On October 1, 2024, the Company closed the NRO Acquisition and paid $49.6 million to the sellers in cash, using cash on hand, the proceeds from the issuance of Common Stock, and a portion of the proceeds from the issuance of the Senior Convertible Note. Refer to Note 10 – Debt for a discussion of the Senior Convertible Note and to Note 14 – Stockholders’ Equity for a discussion of the issuance of Common Stock. The Company completed the final settlement with NRO in December 2024, which resulted in a final purchase price of $55.5 million.

 

 

The NRO Acquisition was accounted for as an asset acquisition in accordance with ASC 805. The estimated fair value of the consideration paid by the Company and the allocation of that amount to the underlying assets acquired, on a relative fair value basis, were recorded on the Company’s books as of October 1, 2024, the closing date of the NRO Acquisition.
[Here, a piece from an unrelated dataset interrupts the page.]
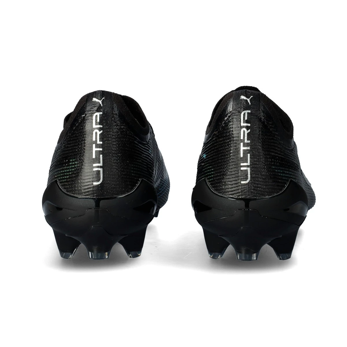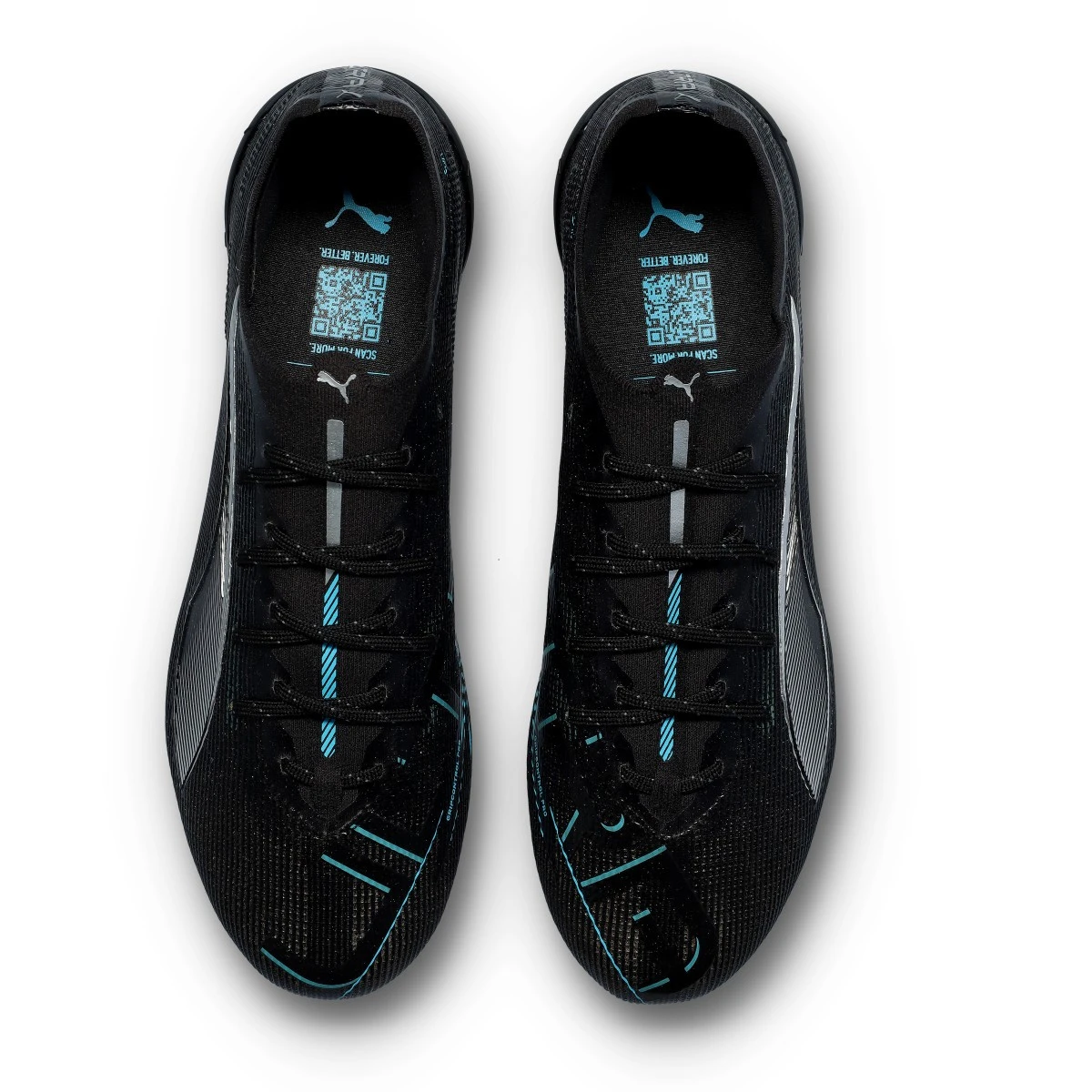 Chaussures de football Puma Ultra 5 Ultimate FG pour adultes. Modèles en microfibre pour une utilisation sur des terrains en gazon naturel. Chaussures haut de gamme de couleur Black-Silver-Bright Aqua.

Additionally, costs directly related to the NRO Acquisition were capitalized as a component of the NRO Purchase Price.

 

The following table presents the allocation of the NRO Purchase Price, adjusted for the final settlement, to the net assets acquired on October 1, 2024, the closing date of the NRO Acquisition:

  

Purchase Price Allocation:  (In thousands) 
Consideration:     
Cash consideration (1)  $49,270 
Deposits on oil and natural gas properties (2)   6,000 
Direct transaction costs (3)   239 
Total consideration  $55,509 
      
Assets acquired:     
Oil and natural gas properties (4)  $63,591 
Prepaid expenses, third-party JIB receivable, and other   104 
   $63,695 
Liabilities assumed:     
Accounts payable and accrued expenses (5)  $(7,965)
Asset retirement obligation, long-term   (221)
   $(8,186)

 

(1) Includes the final settlement statement payment of $0.3 million from NRO to the Company.
(2) Represents the Deposit paid by the Company to NRO.
(3) Represents transaction costs associated with the NRO Acquisition which have been capitalized in accordance with ASC 805.
(4) Includes the asset retirement obligation asset associated with the proved oil and natural gas properties.
(5) Represents the amounts associated with the assets acquired in the NRO Acquisition unpaid at the closing date and primarily relates to ad valorem tax liabilities of $6.6 million and suspended revenues of $1.2 million.

 

Genesis Bolt–on Acquisition

 

On February 5, 2024, the Company acquired a 1,280–acre drillable spacing unit and eight proved undeveloped drilling locations in the DJ Basin (the “Genesis Bolt–on Assets”) from a private seller for $0.9 million. These assets offset the other oil and gas assets held by the Company in northern Weld County, Colorado.